Survey of standardized tests such as intelligence, aptitude, achievement, clinical, personality, interests, and values. This course studies nature of psychological tests, standardization procedures, types of scales and scores, norms, reliability, and validity. Social, ethical, legal and other issues in psychological testing are examined.
PYC 440. 3 cr.
Study of cross-cultural forces involved in the socialization process in diverse contexts.

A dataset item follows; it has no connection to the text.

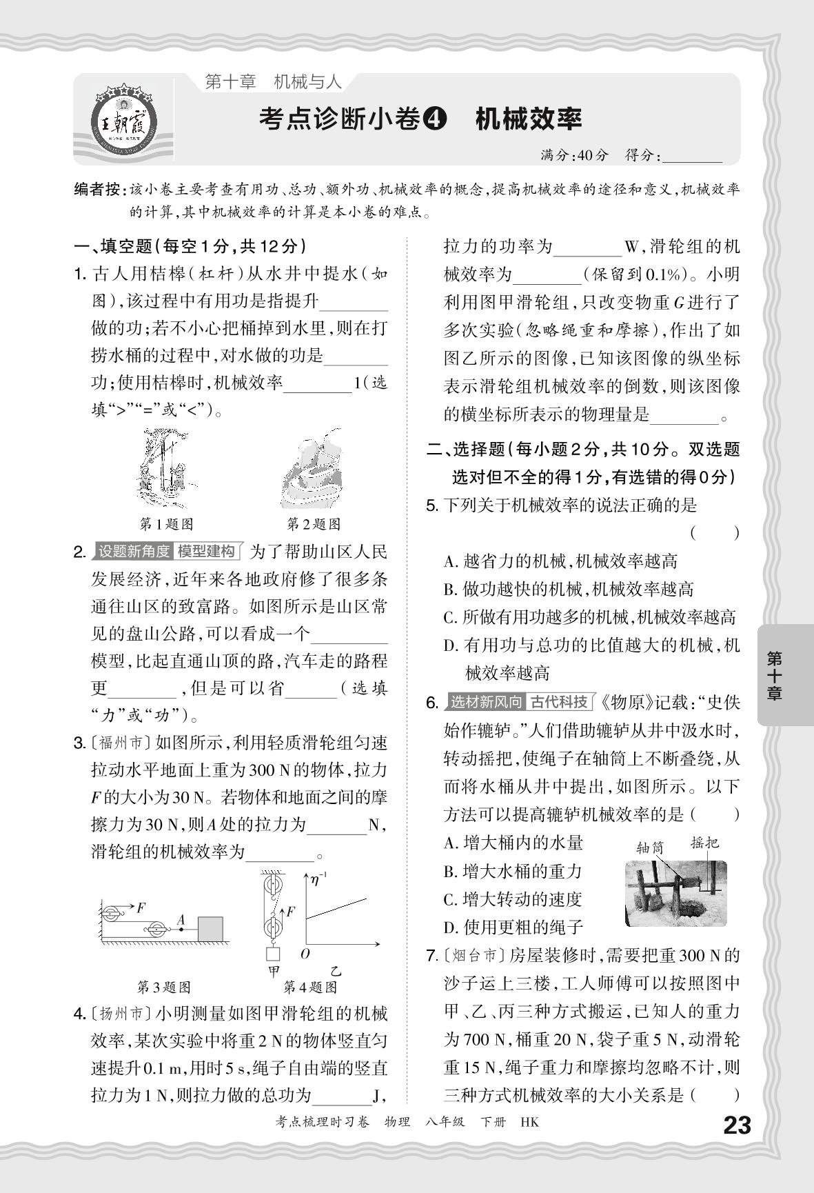 2024春下册八年级物理沪科版 第十章 考点诊断小卷4 机械效率

This course draws on research from anthropology, biology and psychology. Students study the effects of cultural and socioeconomic variables on childrens cognitive and affective learning styles.
PYC 451. 3 cr.
Psychology of Death and Dying
Study of the psychology, biology, physiology of death. This course also examines current concerns, medical and psychological, regarding the care and treatment of a terminal patient.
PYC 470 3 cr.
Issues in Industrial/Organizational Psychology
Comprehensive survey of the basic issues in industrial/organizational psychology, including readings and independent projects. Examines the different aspects of industrial/organizational psychology, such as historical perspective, research methods, personnel psychology, organizational psychology.
PYC 473. 1-5 cr.
Pre-requisite: Dept. permission.
Provides opportunities for psychology majors in junior and senior years to work within applied settings to gain clinical, developmental, family life education, and/or experimental experience. It must be arranged through a sponsoring faculty member.
PYC 491. 3 cr.
Research in Developmental Psychology
Study of the role of the scientific method in understanding children and families. This course includes current trends in developmental and contextual theory and research, use of quantitative and qualitative measurement strategies, and the interpretation of research findings in selected areas, including human development and family science.
PYC 495. 3 cr.
A special course under the direction of a staff member for students proposing special interests in research areas. Students must obtain written permission of the staff member and the chairperson of the Psychology Department.